Bug 204125

Summary: FTBFS on ppc64 big endian and gcc9 because of -mcall-aixdesc and missing __linux__
Product: Platform Specific/Hardware Reporter: Daniel Kolesa (linux)
Component: PPC-64Assignee: platform_ppc-64
Status: RESOLVED INVALID    
Severity: high CC: segher
Priority: P1    
Hardware: PPC-64   
OS: Linux   
Kernel Version: any Subsystem:
Regression: No Bisected commit-id:

Description Daniel Kolesa 2019-07-10 13:24:01 UTC
On ppc64 big endian, the kernel builds with `-mcall-aixdesc` which since gcc 9.x removes `__linux__` from the list of macros being defined. This behavior is supposed to be more correct (as it's in this case nothing but a hack, the flag should apparently only be used when building for AIX) but sadly it breaks build since several things within the tree rely on `__linux__` being defined and `#ifdef` some of their code based on said macro.

Just removing `-mcall-aixdesc` (and using just `-mabi=elfv1`) is however not enough, as that instead causes countless undefined references to just about every symbol when linking `vmlinux`. It would seem that `-mcall-aixdesc` changes the way symbols are declared in a way that is not expected.

Little endian is not affected because that one uses `-mabi=elfv2` exclusively.

For now I worked around it in my distro by explicitly adding `-D__linux__` in the kbuild where `-mcall-aixdesc` is inserted into flags, and it works, but that's obviously just a workaround.

I'm not sure what the proper fix would be.

Also, is there any reason not to allow an ELFv2 kernel to be built on big endian? There are some supposed performance benefits, and ELFv2 itself supports either endianness.

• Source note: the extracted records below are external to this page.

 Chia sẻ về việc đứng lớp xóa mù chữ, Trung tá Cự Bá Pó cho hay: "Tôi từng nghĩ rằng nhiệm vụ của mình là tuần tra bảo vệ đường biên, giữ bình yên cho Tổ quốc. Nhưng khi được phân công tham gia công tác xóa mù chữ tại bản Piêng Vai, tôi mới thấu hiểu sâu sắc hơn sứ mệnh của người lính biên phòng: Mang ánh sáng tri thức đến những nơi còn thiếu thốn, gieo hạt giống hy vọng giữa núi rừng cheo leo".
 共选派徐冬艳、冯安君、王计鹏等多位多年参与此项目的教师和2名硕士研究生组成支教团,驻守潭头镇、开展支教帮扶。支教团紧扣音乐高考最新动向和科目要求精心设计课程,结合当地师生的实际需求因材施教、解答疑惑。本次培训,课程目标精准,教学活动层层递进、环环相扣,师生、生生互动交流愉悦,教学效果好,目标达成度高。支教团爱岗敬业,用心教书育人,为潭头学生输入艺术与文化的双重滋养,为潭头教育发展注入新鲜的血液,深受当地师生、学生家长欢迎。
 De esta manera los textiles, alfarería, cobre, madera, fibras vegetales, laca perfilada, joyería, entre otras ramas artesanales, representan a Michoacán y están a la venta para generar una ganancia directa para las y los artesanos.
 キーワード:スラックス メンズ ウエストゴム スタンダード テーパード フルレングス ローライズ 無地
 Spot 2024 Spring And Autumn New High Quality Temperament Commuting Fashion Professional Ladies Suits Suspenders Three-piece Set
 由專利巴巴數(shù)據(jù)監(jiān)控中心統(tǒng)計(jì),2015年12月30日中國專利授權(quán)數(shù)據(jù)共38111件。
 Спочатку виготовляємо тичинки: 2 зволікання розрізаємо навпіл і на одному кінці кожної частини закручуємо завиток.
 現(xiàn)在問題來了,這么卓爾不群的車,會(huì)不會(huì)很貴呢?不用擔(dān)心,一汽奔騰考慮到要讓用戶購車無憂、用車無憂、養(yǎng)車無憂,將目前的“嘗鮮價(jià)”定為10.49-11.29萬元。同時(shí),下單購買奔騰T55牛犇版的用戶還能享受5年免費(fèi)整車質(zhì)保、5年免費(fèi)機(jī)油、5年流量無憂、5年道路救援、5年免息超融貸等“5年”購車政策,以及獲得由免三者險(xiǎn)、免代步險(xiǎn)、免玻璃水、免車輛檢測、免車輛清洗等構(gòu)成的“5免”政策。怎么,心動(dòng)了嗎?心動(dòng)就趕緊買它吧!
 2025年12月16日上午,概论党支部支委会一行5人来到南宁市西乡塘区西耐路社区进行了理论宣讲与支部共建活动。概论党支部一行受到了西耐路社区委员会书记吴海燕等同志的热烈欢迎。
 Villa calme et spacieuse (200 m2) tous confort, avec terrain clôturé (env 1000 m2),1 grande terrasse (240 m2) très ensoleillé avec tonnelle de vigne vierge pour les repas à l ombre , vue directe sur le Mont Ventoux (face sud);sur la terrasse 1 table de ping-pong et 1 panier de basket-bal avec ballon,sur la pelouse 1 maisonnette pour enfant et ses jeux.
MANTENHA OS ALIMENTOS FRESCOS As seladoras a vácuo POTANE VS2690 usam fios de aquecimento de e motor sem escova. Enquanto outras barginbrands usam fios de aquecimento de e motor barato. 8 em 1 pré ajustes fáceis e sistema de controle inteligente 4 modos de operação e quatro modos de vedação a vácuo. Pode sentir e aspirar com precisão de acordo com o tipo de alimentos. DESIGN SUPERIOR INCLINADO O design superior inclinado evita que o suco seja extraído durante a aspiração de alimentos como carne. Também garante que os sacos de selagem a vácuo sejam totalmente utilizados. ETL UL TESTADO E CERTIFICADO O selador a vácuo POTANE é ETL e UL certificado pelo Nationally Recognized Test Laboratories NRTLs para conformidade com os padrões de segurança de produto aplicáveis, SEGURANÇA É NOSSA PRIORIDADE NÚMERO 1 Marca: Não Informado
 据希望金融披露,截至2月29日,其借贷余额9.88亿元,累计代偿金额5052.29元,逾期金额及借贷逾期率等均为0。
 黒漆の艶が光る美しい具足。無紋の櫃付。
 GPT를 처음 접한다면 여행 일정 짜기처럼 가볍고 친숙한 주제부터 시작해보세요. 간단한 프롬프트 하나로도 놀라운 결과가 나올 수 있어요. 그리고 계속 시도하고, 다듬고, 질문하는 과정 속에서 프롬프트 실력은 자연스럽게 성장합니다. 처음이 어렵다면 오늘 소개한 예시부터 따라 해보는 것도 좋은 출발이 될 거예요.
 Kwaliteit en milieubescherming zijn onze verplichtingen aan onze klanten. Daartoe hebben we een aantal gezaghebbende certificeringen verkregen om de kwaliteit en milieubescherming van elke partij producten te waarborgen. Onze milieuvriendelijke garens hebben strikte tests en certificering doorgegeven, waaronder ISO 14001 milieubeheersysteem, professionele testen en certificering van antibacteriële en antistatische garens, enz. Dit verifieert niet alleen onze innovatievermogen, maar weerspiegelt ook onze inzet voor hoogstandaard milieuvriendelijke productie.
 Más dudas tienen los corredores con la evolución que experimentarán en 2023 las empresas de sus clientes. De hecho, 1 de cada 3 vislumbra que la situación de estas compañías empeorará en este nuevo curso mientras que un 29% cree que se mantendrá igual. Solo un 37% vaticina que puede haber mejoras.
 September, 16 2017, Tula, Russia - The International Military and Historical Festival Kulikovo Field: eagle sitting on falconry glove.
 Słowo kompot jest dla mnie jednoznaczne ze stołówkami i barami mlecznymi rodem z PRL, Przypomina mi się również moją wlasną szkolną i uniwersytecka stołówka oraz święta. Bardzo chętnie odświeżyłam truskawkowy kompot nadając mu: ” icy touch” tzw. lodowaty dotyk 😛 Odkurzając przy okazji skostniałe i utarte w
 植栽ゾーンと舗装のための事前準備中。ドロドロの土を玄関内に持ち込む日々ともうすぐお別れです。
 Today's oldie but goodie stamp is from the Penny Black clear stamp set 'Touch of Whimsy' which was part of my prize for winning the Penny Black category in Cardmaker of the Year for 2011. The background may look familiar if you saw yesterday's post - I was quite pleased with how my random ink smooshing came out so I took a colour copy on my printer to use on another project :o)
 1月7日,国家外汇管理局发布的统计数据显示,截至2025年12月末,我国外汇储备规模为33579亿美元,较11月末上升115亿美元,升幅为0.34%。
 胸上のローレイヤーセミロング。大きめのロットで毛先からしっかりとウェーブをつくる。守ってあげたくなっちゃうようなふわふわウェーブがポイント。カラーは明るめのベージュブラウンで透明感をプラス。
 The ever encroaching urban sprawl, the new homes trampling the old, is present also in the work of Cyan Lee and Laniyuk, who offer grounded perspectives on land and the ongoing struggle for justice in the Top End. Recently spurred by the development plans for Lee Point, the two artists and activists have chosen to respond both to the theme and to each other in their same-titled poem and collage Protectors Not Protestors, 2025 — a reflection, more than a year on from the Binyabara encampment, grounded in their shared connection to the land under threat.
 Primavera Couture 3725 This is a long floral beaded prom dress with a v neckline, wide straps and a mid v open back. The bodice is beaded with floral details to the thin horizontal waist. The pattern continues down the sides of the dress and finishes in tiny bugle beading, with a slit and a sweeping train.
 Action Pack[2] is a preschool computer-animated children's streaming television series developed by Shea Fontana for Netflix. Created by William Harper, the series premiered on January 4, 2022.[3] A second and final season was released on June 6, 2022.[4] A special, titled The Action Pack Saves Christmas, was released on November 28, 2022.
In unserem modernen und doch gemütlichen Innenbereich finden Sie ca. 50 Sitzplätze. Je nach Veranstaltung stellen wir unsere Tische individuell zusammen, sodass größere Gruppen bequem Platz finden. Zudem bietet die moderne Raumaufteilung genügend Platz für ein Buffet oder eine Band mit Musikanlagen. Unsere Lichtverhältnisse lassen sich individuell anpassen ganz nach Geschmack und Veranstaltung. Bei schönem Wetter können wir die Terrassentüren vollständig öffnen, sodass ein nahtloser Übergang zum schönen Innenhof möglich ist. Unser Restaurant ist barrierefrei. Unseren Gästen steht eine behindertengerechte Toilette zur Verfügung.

The current kbuild logic pretty much forces ELFv1 for big endian and ELFv2 for little endian.
Comment 1 Segher Boessenkool 2019-07-10 15:37:36 UTC
(In reply to Daniel Kolesa from comment #0)
> On ppc64 big endian, the kernel builds with `-mcall-aixdesc` which since gcc
> 9.x removes `__linux__` from the list of macros being defined.

This is a bug.  Please report at https://gcc.gnu.org/bugzilla .

> This behavior
> is supposed to be more correct (as it's in this case nothing but a hack, the
> flag should apparently only be used when building for AIX)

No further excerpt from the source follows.